Click here to trigger a rebuild:
https://jenkins.ubuntu.com/server/job/cloud-init-ci/363/rebuild

review: Needs Fixing (continuous-integration)
Revision history for this message
Scott Moser (smoser) wrote :

I'm pretty sure the 'udevm settle' in this particular location is really just the same as time.sleep(1). udevadm settle has an annoying way of "fixing" things like that.

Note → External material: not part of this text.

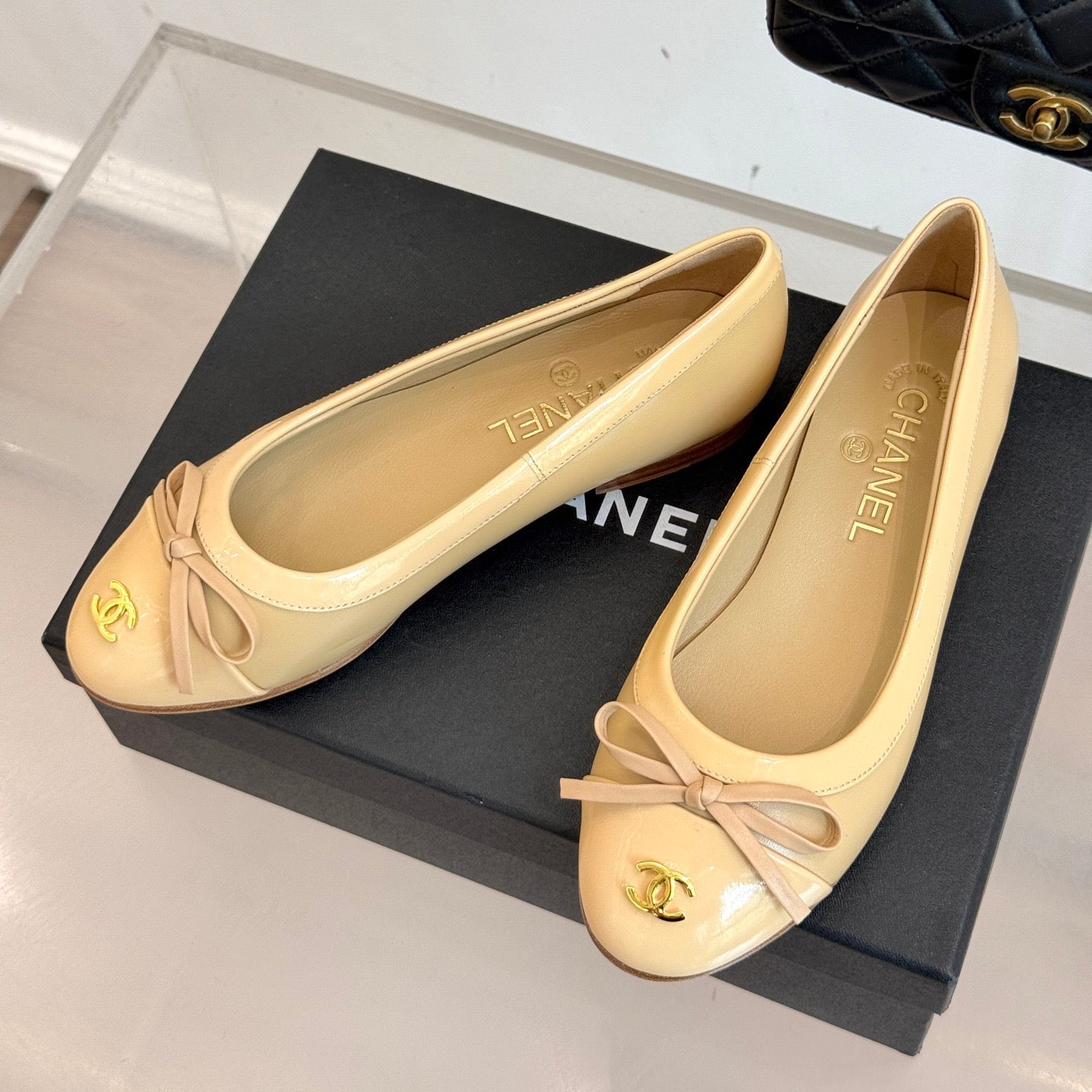 Chanel 25 Bowknot Ballet Flat Beige Sheepskin 473066

The problem here really is the way that cloud-init works on azure.
The datasource identifies that the ephemeral disk can be wiped.
In order to do that, it removes the marker that cc_disk_setup already ran. Normally that would only run per-instance so this is not an issue.

Ideally we'd have a more fine grained control on what part of cc_disk_setup were to re-run. We want the recreation of the ephemeral disk to occur, but *only* that.

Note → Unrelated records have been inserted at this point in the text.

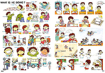 Listen to my story and find the pictures. @He hears the alarm clock go off. He gets up, and is now trying to put on his sweater. Now he is taking it off. You kow why? He put it on inside out. So he tries all over again. What color is his sweater? It's green. Good. (Word Book CD TRACK 29 「短いお話 No.2」)
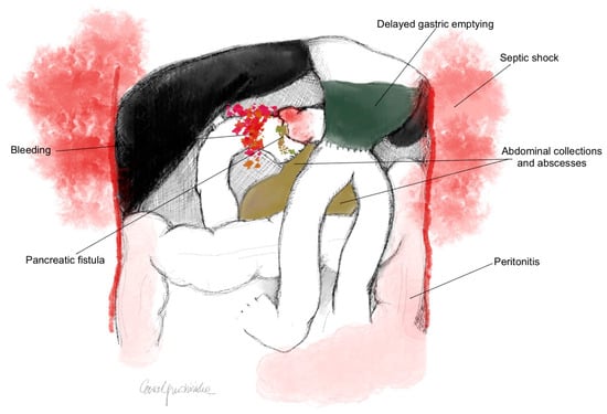 - Marchegiani, G.; Barreto, S.G.; Bannone, E.; Sarr, M.; Vollmer, C.M.; Connor, S.; Falconi, M.; Besselink, M.G.; Salvia, R.; Wolfgang, C.L.; et al. Postpancreatectomy Acute Pancreatitis (PPAP): Definition and Grading from the International Study Group for Pancreatic Surgery (ISGPS). Ann. Surg. 2022, 275, 663–672. [Google Scholar] [CrossRef] [PubMed]
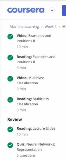 - Was confused in neural networks so took help from Andrew NG and completed the following videos from his famous Machine Learning course and gave his quiz and got 80%.

Adding a 'udevadm settle' to a read-only operation (enumerate_disk) shouldnt be necessary.

review: Needs Fixing
Revision history for this message
Paul Meyer (paul-meyer) wrote :

I think you're right that it's a timing issue that could be fixed with a sleep. I was perusing the lsblk sources to see where it gets the label and file system type, to see if there's a way to make sure they are read properly. blkid has a parameter to force reading from disk rather than cache and I wonder it this is something similar.

I wholeheartedly agree that it is a bad thing to have cc_disk_setup run every boot, just because of case of service-healing or instance resize, where the ephemeral disk needs another wipe. What do you think is a good approach? Another property on disk_setup and fs_setup elements to indicate that a configuration should be applied every boot and then switching cc_disk_setup to per-boot?
Alternatively, one could consider a cc_azure_ephemeral_disk module to run on every boot that calls into cc_disk_setup with the azure-specific hardcoded disk/fs config?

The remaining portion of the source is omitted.